Unbalanced!
If you are anything like me, you are often (ok, ALWAYS) unbalanced. I either have too much work, or too little. I have too much to do, or not enough. I've pretty much given up on achieving a perfect work/life balance, in part because I'm not sure I'd recognize it if I had it!
On the other hand, I do recognize when I am doing nonessential things, or when meetings have gone awry.
Generally—that would be my assessment. So many meetings I attend could be (a) much shorter, (b) more useful, or (c) actually just been an email, saving everyone enormous amounts of time.
Time, of course, is the one thing that most nonprofit staff members don’t have. And yet, it seems to me, they waste so much of this rare and precious resource by having or attending unneeded meetings.
Meetings, of course, are not the only enemy of time.
In all situations, but mostly when you don’t have the human resources to deal with too many things (I know this—I am a sole proprietor!), too often we end up dealing with what is smacking you right in your face, rather than the thing that most needs to be done.
Fundraising, of course, is something that often suffers from this. We are busy—too busy—because we don’t have enough staff, and we don’t have enough staff because, yep, we can’t afford to hire more people. So you would think that fundraising would become a top priority.
Your board, your boss, yourself, will all say it is, but too often that is just mouth music. If it really was a priority, that person would be on staff. So now you can complain about what you can’t accomplish, or you can just decide that you will make fundraising a priority and THEN get the staff you need.
Remember, always, that fundraising starts with gratitude. Every single (work)day, reach out to five or ten (or however many you can) existing donors to thank them for what they do and remind them what their generosity accomplishes.
Then reach out to former (also known as lapsed) donors, and remind them how much they are missed and what their renewed support could do.
Reach out how? Phone, email, text, social media, a handwritten note….whatever the contact information you have will allow! And mix it up. If this month you phone, maybe in 5 or 6 months, you’ll email.
These outreach efforts should be (ok, I’m going to us a word I swore I wouldn’t, ever) carefully curated. Not a mass message, but one crafted specifically for that person.

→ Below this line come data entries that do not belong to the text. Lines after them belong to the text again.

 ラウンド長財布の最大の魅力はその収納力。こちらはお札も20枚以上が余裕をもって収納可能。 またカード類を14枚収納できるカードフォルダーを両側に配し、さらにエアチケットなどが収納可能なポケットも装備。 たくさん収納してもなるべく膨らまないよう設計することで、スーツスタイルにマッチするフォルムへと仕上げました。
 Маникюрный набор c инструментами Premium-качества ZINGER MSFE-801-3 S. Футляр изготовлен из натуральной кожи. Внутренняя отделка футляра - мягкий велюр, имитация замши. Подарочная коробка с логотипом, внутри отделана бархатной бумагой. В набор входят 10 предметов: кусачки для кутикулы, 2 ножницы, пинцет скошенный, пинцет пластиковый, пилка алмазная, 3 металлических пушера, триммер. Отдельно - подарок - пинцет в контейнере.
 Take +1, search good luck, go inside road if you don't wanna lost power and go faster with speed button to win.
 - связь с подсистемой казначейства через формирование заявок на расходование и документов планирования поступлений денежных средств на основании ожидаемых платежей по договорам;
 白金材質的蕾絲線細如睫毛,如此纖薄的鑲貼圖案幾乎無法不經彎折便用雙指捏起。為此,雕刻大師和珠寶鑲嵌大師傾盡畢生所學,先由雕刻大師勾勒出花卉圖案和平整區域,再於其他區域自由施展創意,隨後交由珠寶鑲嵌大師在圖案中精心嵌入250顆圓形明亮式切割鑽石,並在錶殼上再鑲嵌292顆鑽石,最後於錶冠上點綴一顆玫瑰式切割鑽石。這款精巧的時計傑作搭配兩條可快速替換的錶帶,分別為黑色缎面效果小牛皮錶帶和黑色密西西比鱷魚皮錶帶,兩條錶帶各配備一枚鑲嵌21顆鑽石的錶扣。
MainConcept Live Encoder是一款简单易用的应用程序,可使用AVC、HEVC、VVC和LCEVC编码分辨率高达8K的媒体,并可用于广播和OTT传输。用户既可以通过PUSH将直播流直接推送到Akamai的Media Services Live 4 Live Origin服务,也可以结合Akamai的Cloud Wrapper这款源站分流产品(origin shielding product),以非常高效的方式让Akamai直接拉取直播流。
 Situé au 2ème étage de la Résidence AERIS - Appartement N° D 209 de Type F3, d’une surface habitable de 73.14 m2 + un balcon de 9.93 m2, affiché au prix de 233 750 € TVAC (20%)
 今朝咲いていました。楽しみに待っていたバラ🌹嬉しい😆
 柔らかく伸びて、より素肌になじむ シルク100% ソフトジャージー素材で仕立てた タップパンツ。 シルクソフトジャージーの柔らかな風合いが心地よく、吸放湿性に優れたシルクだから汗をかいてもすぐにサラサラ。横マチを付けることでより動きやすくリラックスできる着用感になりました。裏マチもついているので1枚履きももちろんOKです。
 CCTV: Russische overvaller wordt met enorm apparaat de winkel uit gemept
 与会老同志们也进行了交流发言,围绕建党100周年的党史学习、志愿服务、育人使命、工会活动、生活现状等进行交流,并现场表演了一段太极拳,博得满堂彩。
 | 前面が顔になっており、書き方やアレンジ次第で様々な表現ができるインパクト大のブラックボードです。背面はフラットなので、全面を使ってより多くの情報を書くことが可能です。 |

Don’t know much about them? Fine. Now is a great time to ask. To a lapsed donor note that, “It’s been awhile since we’ve heard from you. I hope all is well. And I’m wondering what we can do to get you back as a supporter…..” Then tell them how important your supporters are and share a special story.
For a loyal donor, remind them that they—above everyone—help to move your mission forward. They are the ones who make a huge difference. And you cannot thank them enough for their ongoing support.
Then ask, “Because you are such a valued member of our family, I’d love to chat with you about what you feel we do best, what we could improve, and why you chose to be a loyal donor.”
If you were to do this daily, suddenly you would discover that you now have a more sustainable donor pool. These donors will be willing not just to give but also to help you get—they’ll share the names of people they think are interested in what you do; tell their friends and co-workers about your amazing organization; maybe be willing to have a house party or remind everyone they know that for their birthday, the best gift would be supporting their most important charity: YOU.
And the more you chose to spend your time on things that do make a difference, the less unbalanced you’ll be.